This page may be updated with more tips as we go, so refer back to this page.

One problem related to performance is related to where to store a large database. You cannot store it in your home directory due to its size being too big (and accesses to it would be too slow here as well). You may have used /scratch/ in other courses, but reading large files over the network is slow.

Here are some suggestions (I recommend doing #4 and #2. Once you have created your db, switch to strategy #1):

  1. Save to local space (some information about using /local and /scratch):

    $ python createDB.py /local/me_and_pal/movie.db

    First you should create a subdirectory and set acls for you and your partner to access it:

    mkdir /local/me_and_pal
    easyfacl   # and follow prompts to enter user names and directory name

    PRO: this reduces run time about 20-fold (33 minutes down to 90 seconds for my python program)

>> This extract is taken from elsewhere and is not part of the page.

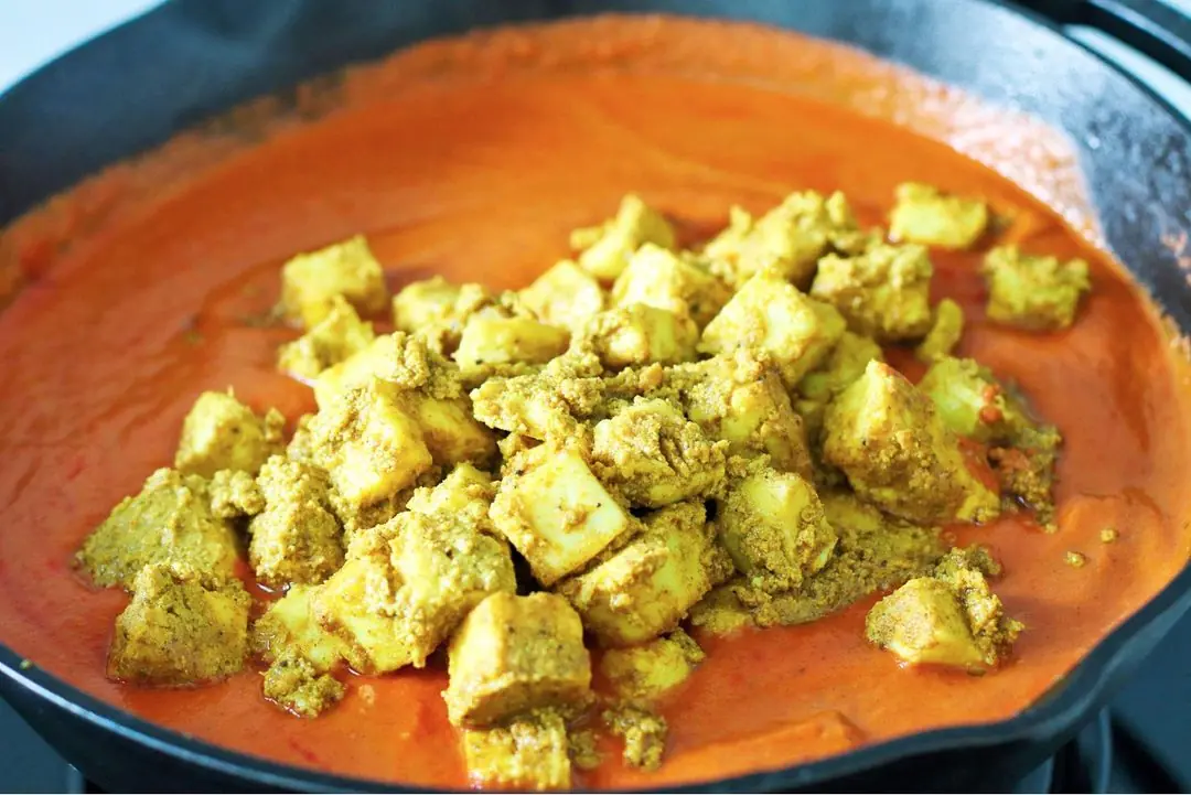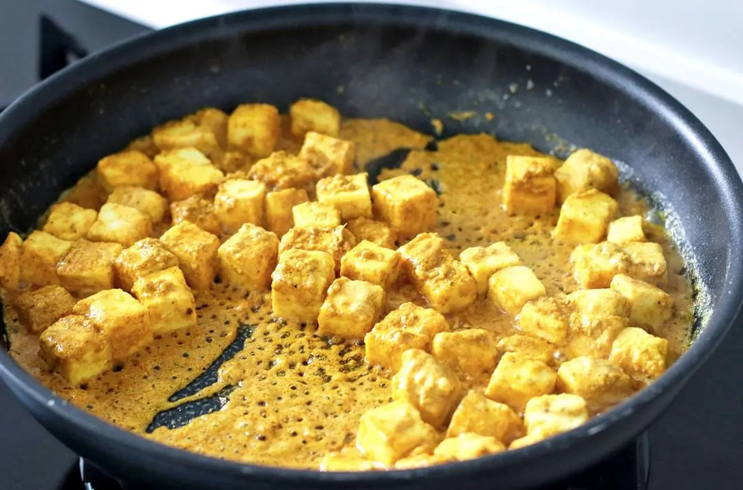 Mix with a spoon until fully combined, then add the Paneer (1 3/4 cups). Carefully mix to fully coat the paneer in the marinade. Cover with cling wrap or a plate, and allow for the paneer to marinate for 1 hour, or overnight in the refrigerator for best results.
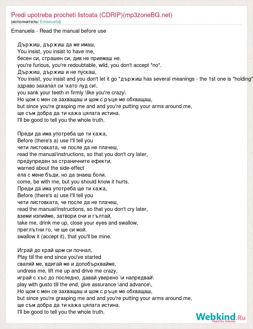А как ты думаешь, о чем песня "Predi upotreba procheti listoata (CDRIP)(mp3zoneBG.net)" ?

    CON #1: /local is the hard drive for a particular machine. If you log in to a different machine, you can’t get to the data. The work around is to remember your machine and ssh to it every time.
    Or, move the file after creation which takes a few seconds. While annoying, you only need to do this once after you get createDB.py working:

    $ mv /local/me_and_pal/movie.db  /scratch/me/movie.db

    You can also use scp to copy from one machine’s /local to another:

    # from cumin, cp movie.db in paprika's /local into cumin's /local
    [cumin] $ scp soni@paprika:/local/me_and_pal/movie.db/ /local/me_and_pal/ /local/me_and_pal/

    CON #2: if you are debugging you may accidentally leave some big files all over machines in the CS department. Be sure to clean up the /local disk if your file creation doesn’t finish completely

  2. Use an in-memory database just for debugging, then write to disk once you have createDB.py working. This gives the same speed-ups as #1 without leaving files on a bunch of disks. To use in memory, create a DB connection as follows:

    connection = sqlite3.connect(":memory:")
  3. If you really want to get fancy, look into using transactions (changed isolation level to "DEFERRED", wrap "BEGIN TRANSACTION" and a commit() statement around your inserts). Also, execute "PRAGMA synchronous=OFF" to reduce the concurrency frequency. These gave me 2x speed-up.

  4. insert values for a table using executeMany. There are examples of this on the links provided on the lab write-up.